### Data extract
◆ ◆ ◆ ◆ ◆
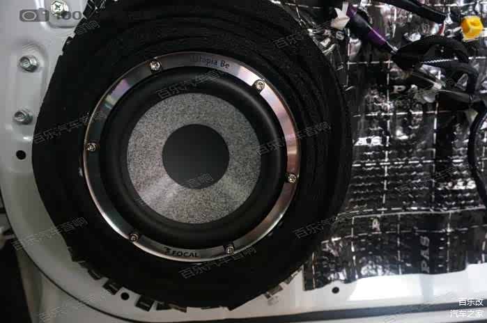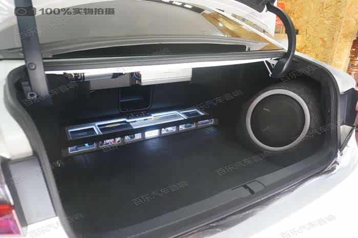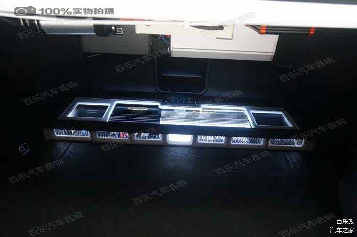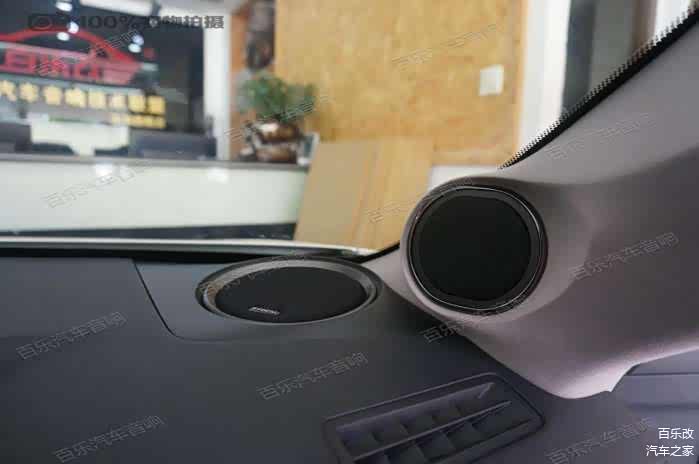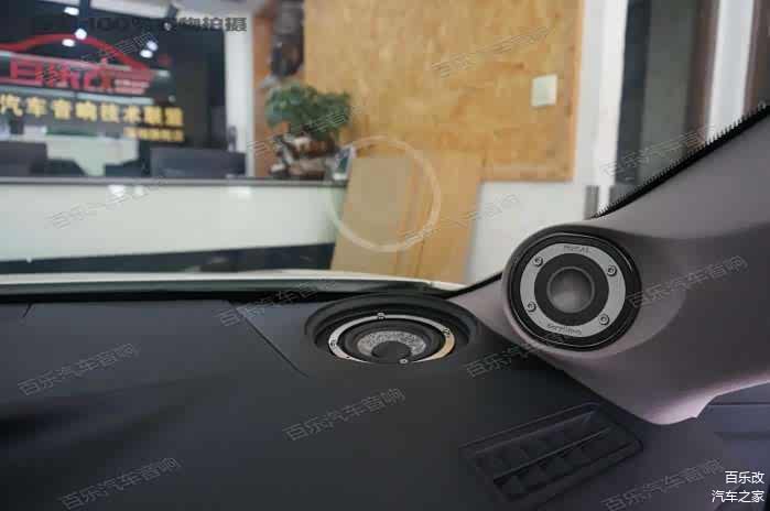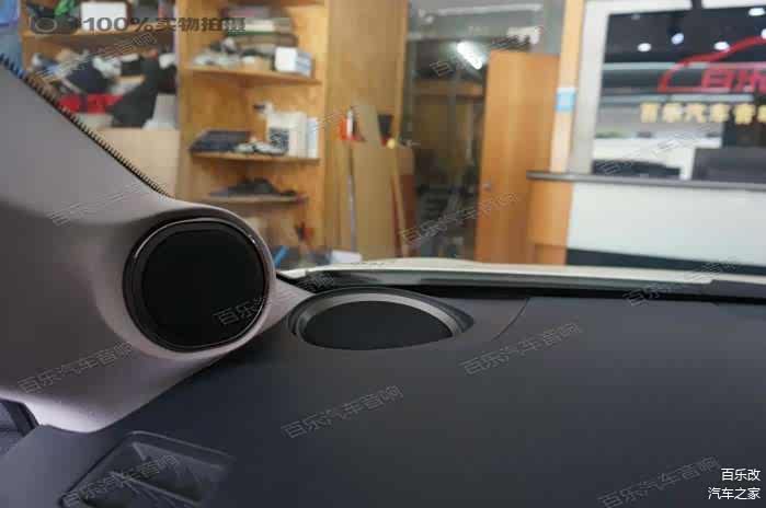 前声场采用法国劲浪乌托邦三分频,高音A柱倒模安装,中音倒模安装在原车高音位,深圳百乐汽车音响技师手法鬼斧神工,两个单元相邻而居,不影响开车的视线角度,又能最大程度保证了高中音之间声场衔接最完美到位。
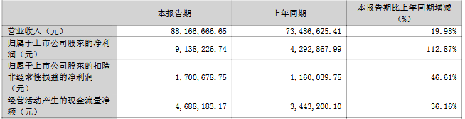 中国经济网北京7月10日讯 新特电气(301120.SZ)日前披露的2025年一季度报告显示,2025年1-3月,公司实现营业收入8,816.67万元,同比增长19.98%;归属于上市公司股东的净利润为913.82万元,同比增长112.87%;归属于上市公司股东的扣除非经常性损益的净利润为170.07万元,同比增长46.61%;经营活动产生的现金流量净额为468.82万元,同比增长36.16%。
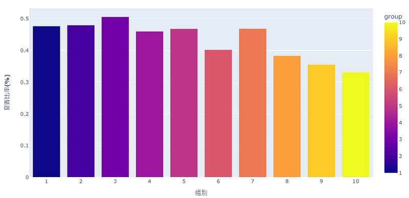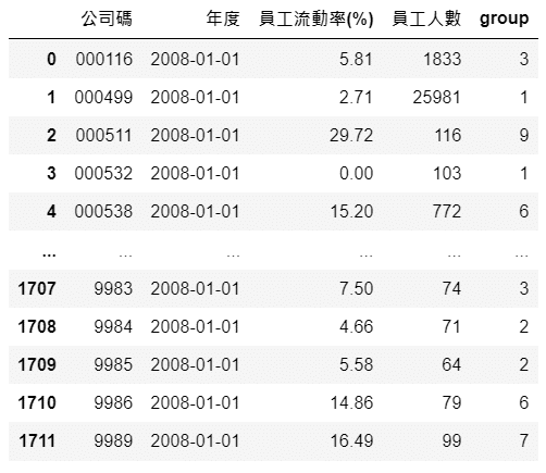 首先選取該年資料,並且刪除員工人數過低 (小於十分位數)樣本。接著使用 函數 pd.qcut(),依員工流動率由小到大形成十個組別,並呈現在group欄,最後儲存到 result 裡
◆ ◆ ◆ ◆ ◆
### Problem to solve
Restating the data word for word is the task, and pictures are to be omitted.

### Answer to this exercise
 前声场采用法国劲浪乌托邦三分频,高音A柱倒模安装,中音倒模安装在原车高音位,深圳百乐汽车音响技师手法鬼斧神工,两个单元相邻而居,不影响开车的视线角度,又能最大程度保证了高中音之间声场衔接最完美到位。
 中国经济网北京7月10日讯 新特电气(301120.SZ)日前披露的2025年一季度报告显示,2025年1-3月,公司实现营业收入8,816.67万元,同比增长19.98%;归属于上市公司股东的净利润为913.82万元,同比增长112.87%;归属于上市公司股东的扣除非经常性损益的净利润为170.07万元,同比增长46.61%;经营活动产生的现金流量净额为468.82万元,同比增长36.16%。
 首先選取該年資料,並且刪除員工人數過低 (小於十分位數)樣本。接著使用 函數 pd.qcut(),依員工流動率由小到大形成十個組別,並呈現在group欄,最後儲存到 result 裡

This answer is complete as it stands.